DATA FOR THE TASK: Begin
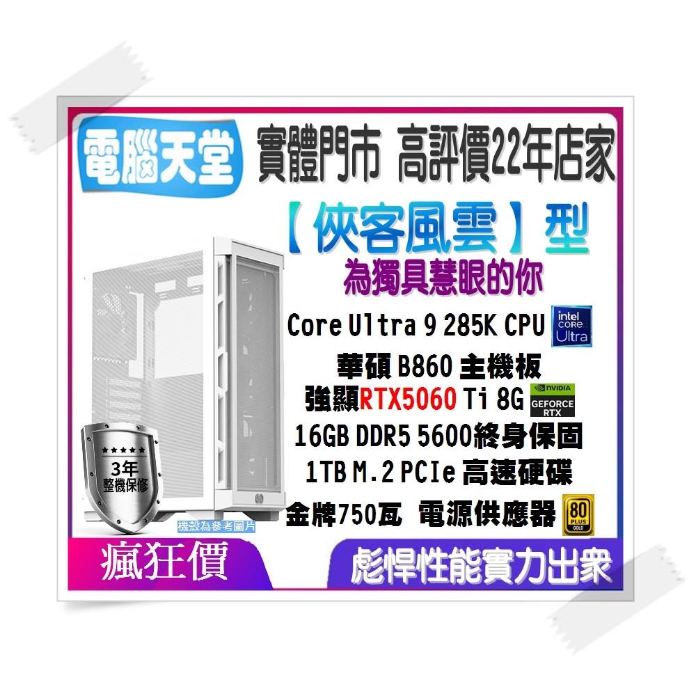 華碩平台俠客風雲型 Ultra 9 285K/16G/1TB/RTX5060 Ti/金牌750W 主機客製化辦公 電腦天堂
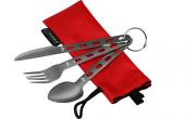 Набор столовых складных приборов (ложка-вилка-нож) туристический. Набор упакован в удобный, качественный чехол из прочного материала 600D Polyester Rip Stop
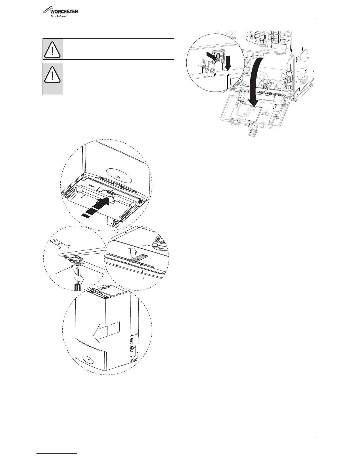 3. Pull upwards to release the clip (B) on top of the boiler.
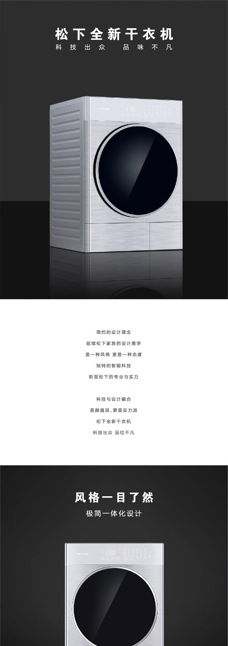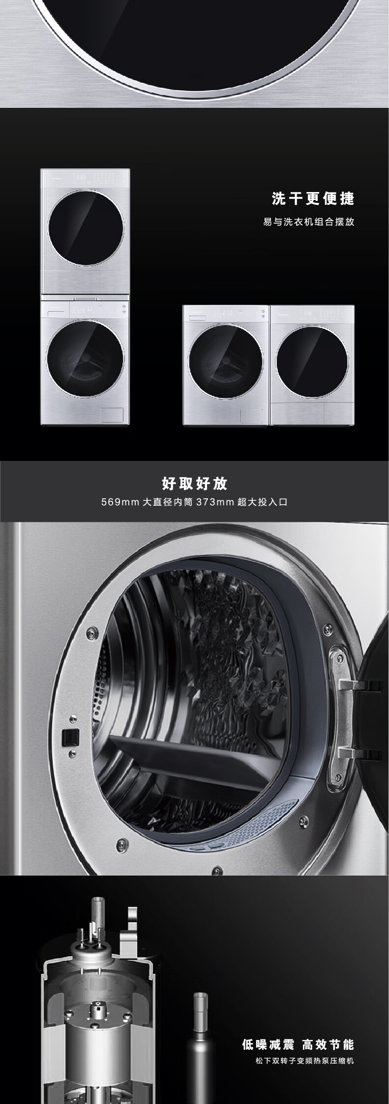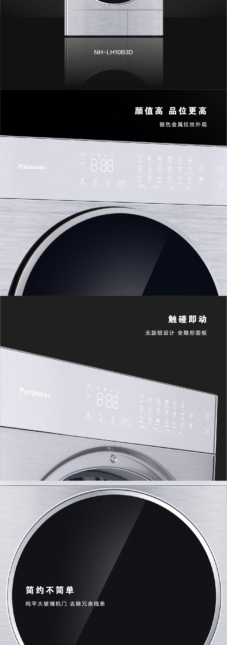 松下(Panasonic)L系列 10KG滚筒单洗+10KG烘干机 智能投放NH-LH10B3D+XQG100-L185
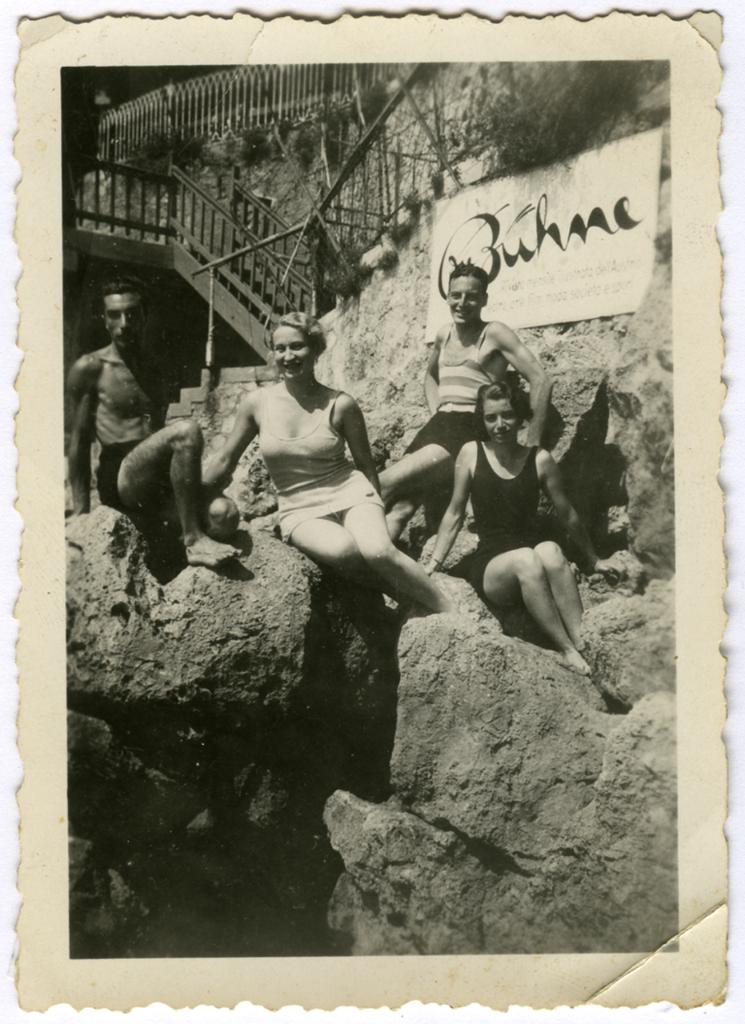 osservazioni | Livio Goldschmied (che sarà deportato) è il secondo da destra. Sul libro di Diana Goldschmied, "Frankel e Goldschmied. Famiglie ebraiche a Trieste tra '800 e '900" a pagina 238 la fotografia è accompagnata dalla seguente didascalia: "Sul lago/ Livio ha il costume a strisce" |
DATA FOR THE TASK: End
EXERCISE PROMPT:
Transcribe the records verbatim, excluding pictures.

WRITTEN RESPONSE:
 華碩平台俠客風雲型 Ultra 9 285K/16G/1TB/RTX5060 Ti/金牌750W 主機客製化辦公 電腦天堂
 Набор столовых складных приборов (ложка-вилка-нож) туристический. Набор упакован в удобный, качественный чехол из прочного материала 600D Polyester Rip Stop
 3. Pull upwards to release the clip (B) on top of the boiler.
 松下(Panasonic)L系列 10KG滚筒单洗+10KG烘干机 智能投放NH-LH10B3D+XQG100-L185
 osservazioni | Livio Goldschmied (che sarà deportato) è il secondo da destra. Sul libro di Diana Goldschmied, "Frankel e Goldschmied. Famiglie ebraiche a Trieste tra '800 e '900" a pagina 238 la fotografia è accompagnata dalla seguente didascalia: "Sul lago/ Livio ha il costume a strisce" |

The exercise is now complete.